■ **INSTRUCTIONS TO FOLLOW**:
The answer should contain only the lines from the beginning of the entries through the line that holds "Lot 163 1991-92", given again exactly, with no pictures.

■ **PROVIDED ENTRIES**:
● ● ● ● ● ● ●

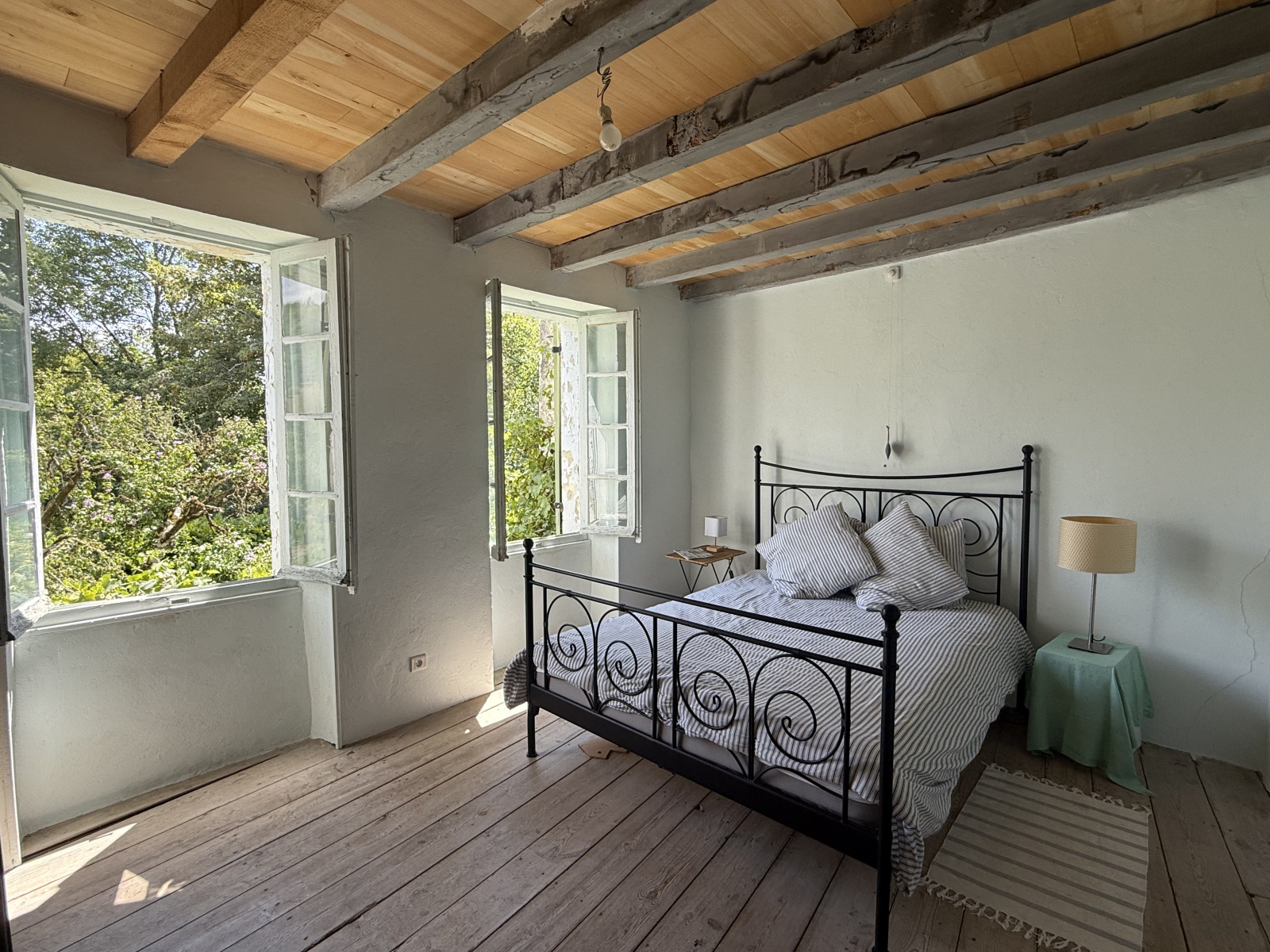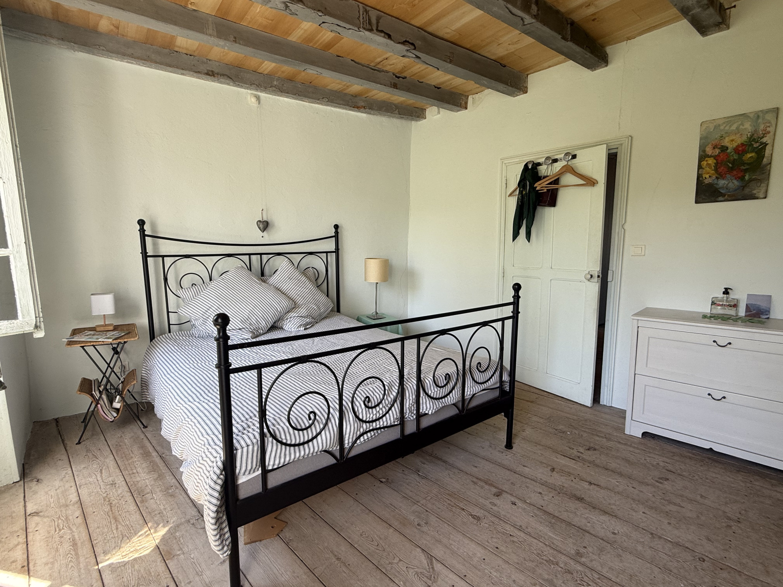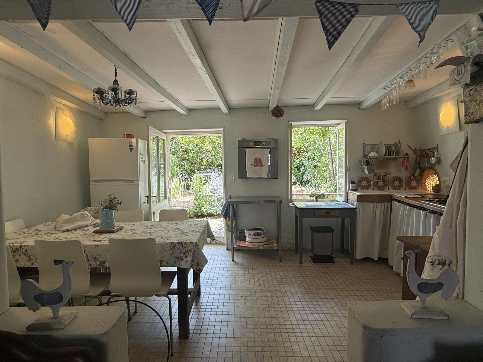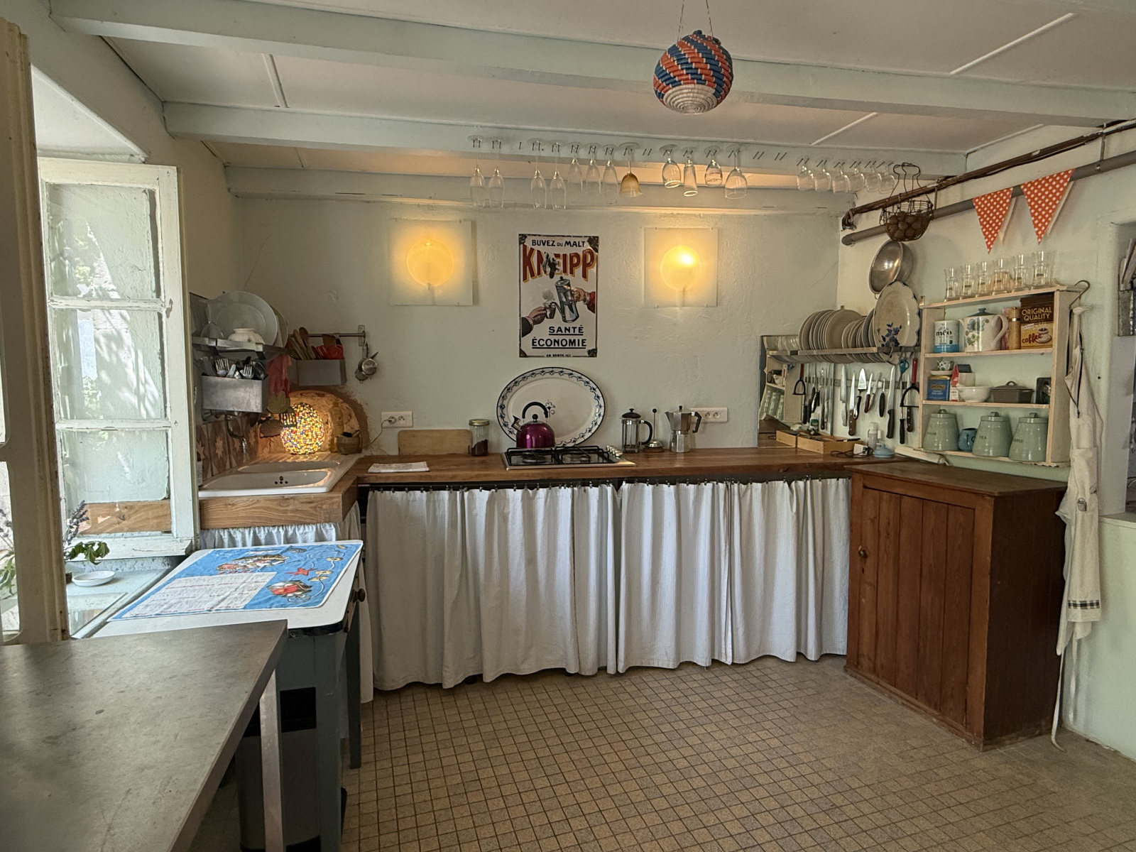 Salon lumineux (18 m²) avec poêle à bois et carreaux de terre cuite anciens, cuisine fonctionnelle (13 m²) avec espace repas et accès direct au jardin. Portillon donnant sur les champs.
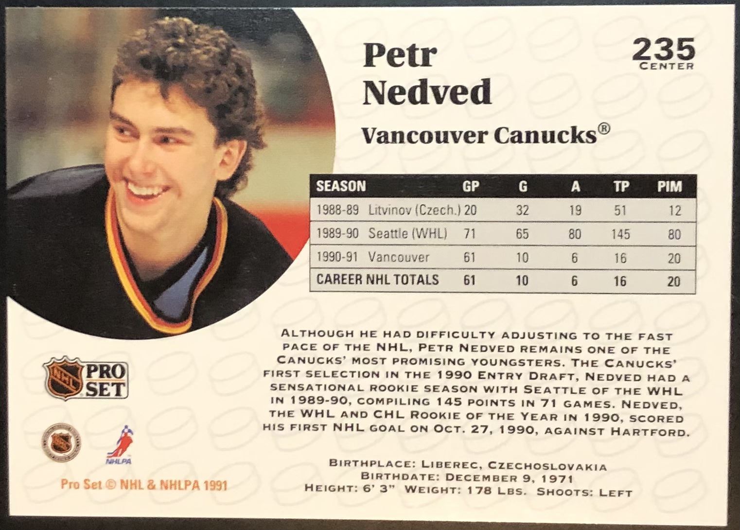 Lot 163 1991-92 PRO SET PETR NEDVED ROOKIE CARD
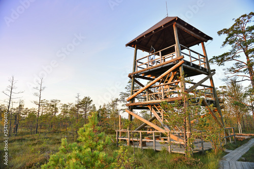 Wooden observation tower in a natural park
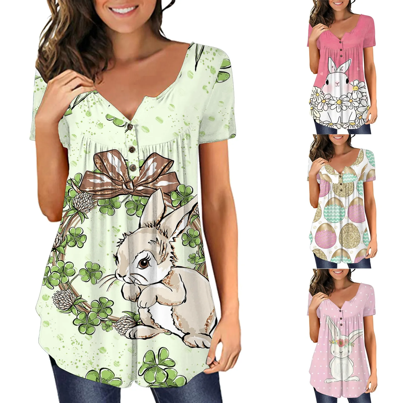 Женская летняя блузка с коротким рукавом, V-образным вырезом и принтом
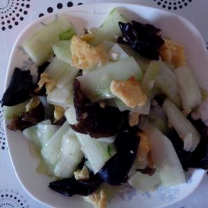 再倒入先炒好的鸡蛋,放料酒,糖,盐爆炒几下
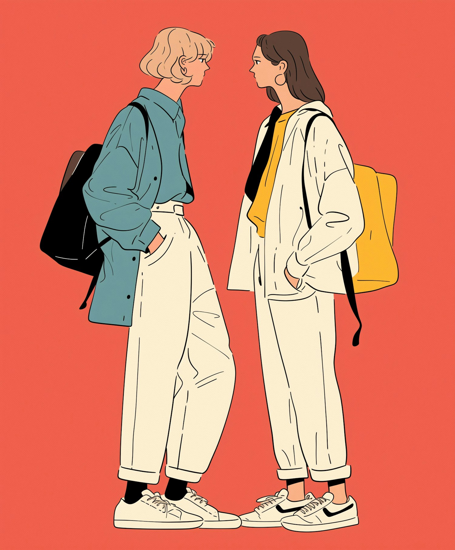 Two stylish women in casual outfits converse against a vibrant orange background, showcasing modern fashion with backpacks.
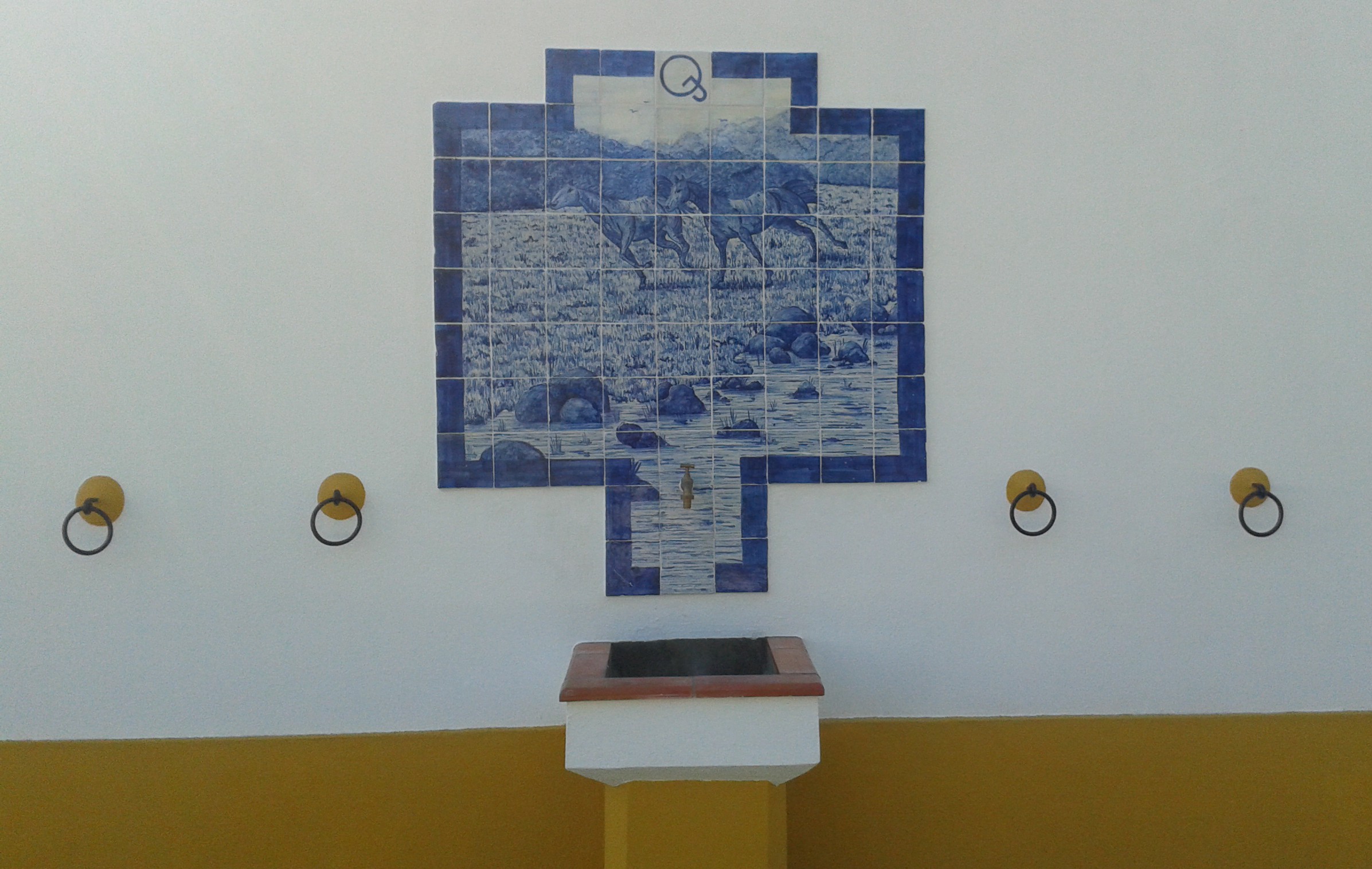 Tenho andado sem mãos a medir nestes últimos dias: para além das réplicas dos azulejos de padronagem do séc XVII que tenho estado a pintar para Monserrate, pediram-me também, na mesma encomenda, 60 réplicas de azulejos de estampilha para colmatar as lacunas existentes na sala de jantar do Palácio da Pena.

● ● ● ● ● ● ●

■ **OUTPUT BELOW**:
 Salon lumineux (18 m²) avec poêle à bois et carreaux de terre cuite anciens, cuisine fonctionnelle (13 m²) avec espace repas et accès direct au jardin. Portillon donnant sur les champs.
 Lot 163 1991-92 PRO SET PETR NEDVED ROOKIE CARD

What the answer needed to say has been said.